Segment Open

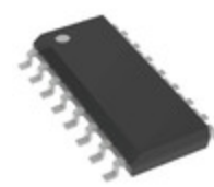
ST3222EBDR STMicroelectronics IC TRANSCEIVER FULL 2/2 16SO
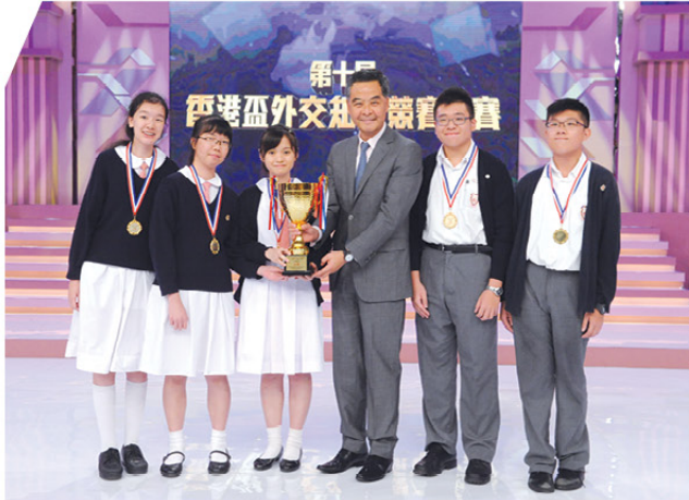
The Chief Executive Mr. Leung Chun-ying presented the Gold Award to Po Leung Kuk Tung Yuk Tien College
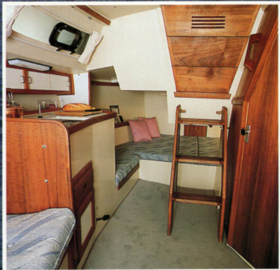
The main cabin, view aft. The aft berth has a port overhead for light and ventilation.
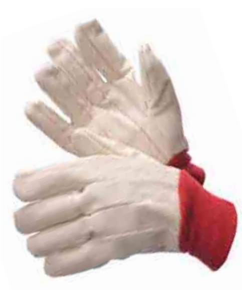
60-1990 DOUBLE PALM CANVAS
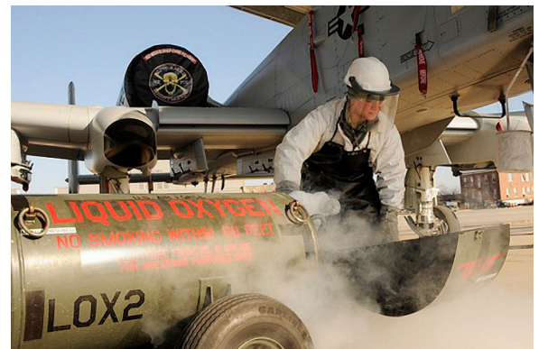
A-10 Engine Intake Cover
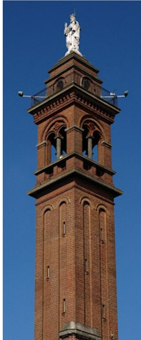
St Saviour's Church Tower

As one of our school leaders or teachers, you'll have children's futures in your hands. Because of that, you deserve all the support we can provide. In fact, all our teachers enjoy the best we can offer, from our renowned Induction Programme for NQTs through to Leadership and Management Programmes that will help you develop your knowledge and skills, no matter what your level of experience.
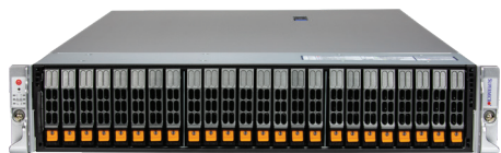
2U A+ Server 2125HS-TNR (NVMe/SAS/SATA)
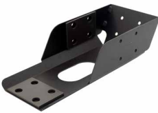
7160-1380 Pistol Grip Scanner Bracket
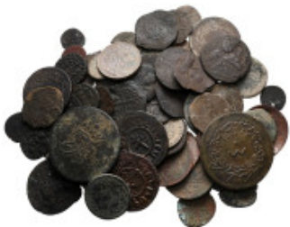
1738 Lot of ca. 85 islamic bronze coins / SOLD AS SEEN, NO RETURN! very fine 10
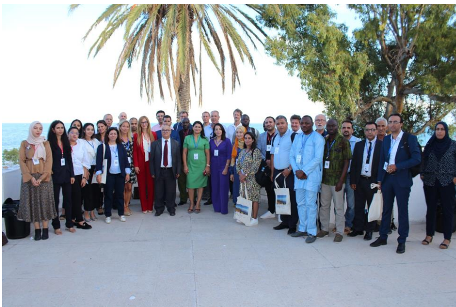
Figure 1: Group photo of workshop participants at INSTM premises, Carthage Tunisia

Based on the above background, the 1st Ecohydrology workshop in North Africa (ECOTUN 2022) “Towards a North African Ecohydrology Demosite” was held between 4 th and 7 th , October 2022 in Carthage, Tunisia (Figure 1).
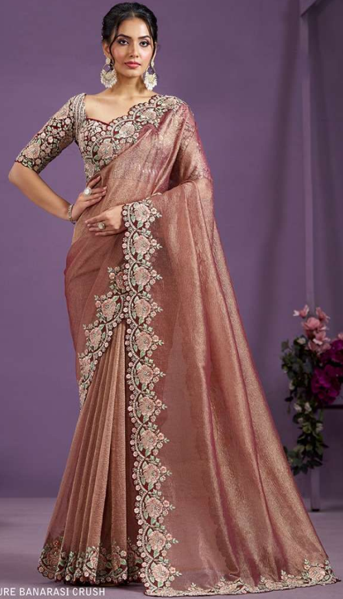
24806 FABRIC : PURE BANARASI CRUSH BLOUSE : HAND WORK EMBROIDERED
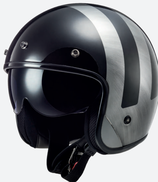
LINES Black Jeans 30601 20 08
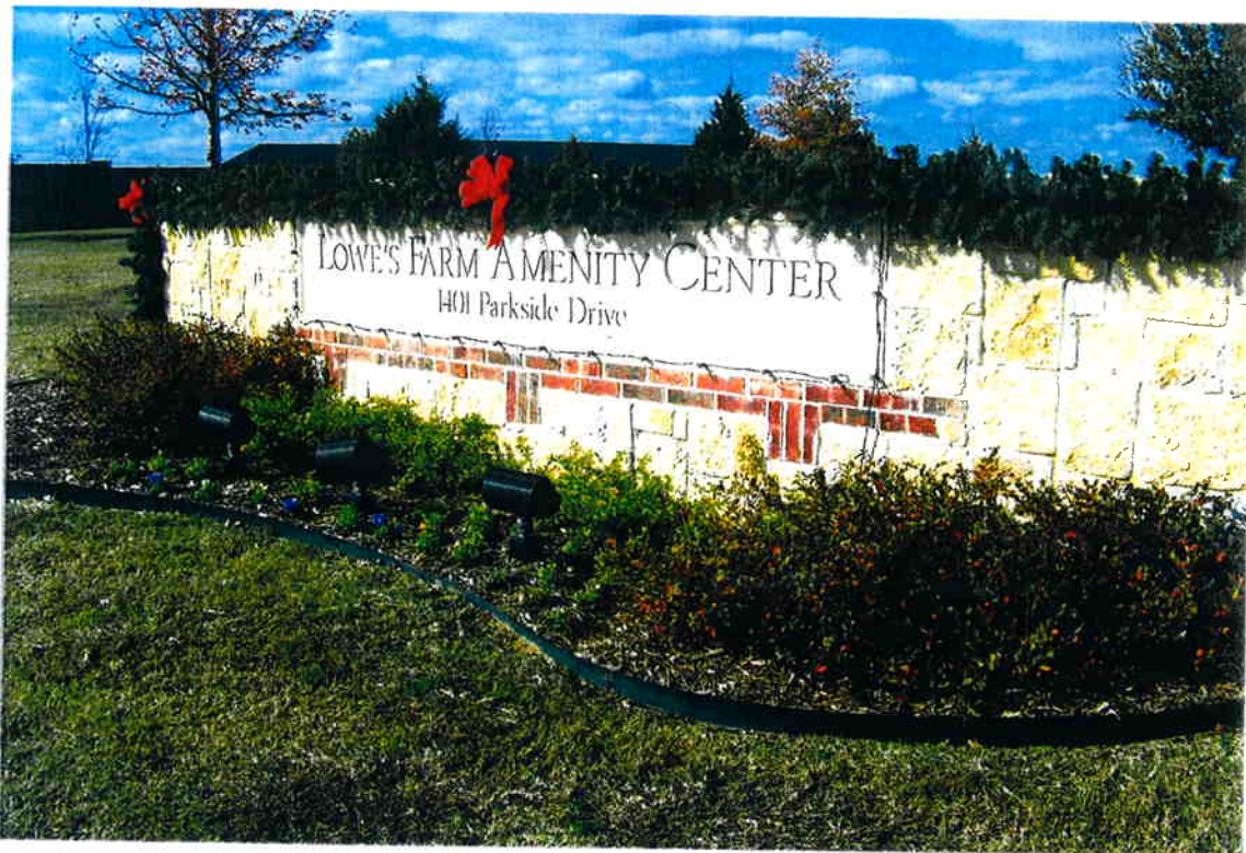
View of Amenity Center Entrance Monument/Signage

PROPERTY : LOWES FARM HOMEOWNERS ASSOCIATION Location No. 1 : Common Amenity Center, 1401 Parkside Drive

Segment Closed

YOUR GOAL
Write out the data above exactly, minus any images.

YOUR SOLUTION
ST3222EBDR STMicroelectronics IC TRANSCEIVER FULL 2/2 16SO
The Chief Executive Mr. Leung Chun-ying presented the Gold Award to Po Leung Kuk Tung Yuk Tien College
The main cabin, view aft. The aft berth has a port overhead for light and ventilation.
60-1990 DOUBLE PALM CANVAS
A-10 Engine Intake Cover
St Saviour's Church Tower

As one of our school leaders or teachers, you'll have children's futures in your hands. Because of that, you deserve all the support we can provide. In fact, all our teachers enjoy the best we can offer, from our renowned Induction Programme for NQTs through to Leadership and Management Programmes that will help you develop your knowledge and skills, no matter what your level of experience.
2U A+ Server 2125HS-TNR (NVMe/SAS/SATA)
7160-1380 Pistol Grip Scanner Bracket
1738 Lot of ca. 85 islamic bronze coins / SOLD AS SEEN, NO RETURN! very fine 10
Figure 1: Group photo of workshop participants at INSTM premises, Carthage Tunisia

Based on the above background, the 1st Ecohydrology workshop in North Africa (ECOTUN 2022) “Towards a North African Ecohydrology Demosite” was held between 4 th and 7 th , October 2022 in Carthage, Tunisia (Figure 1).
24806 FABRIC : PURE BANARASI CRUSH BLOUSE : HAND WORK EMBROIDERED
LINES Black Jeans 30601 20 08
View of Amenity Center Entrance Monument/Signage

PROPERTY : LOWES FARM HOMEOWNERS ASSOCIATION Location No. 1 : Common Amenity Center, 1401 Parkside Drive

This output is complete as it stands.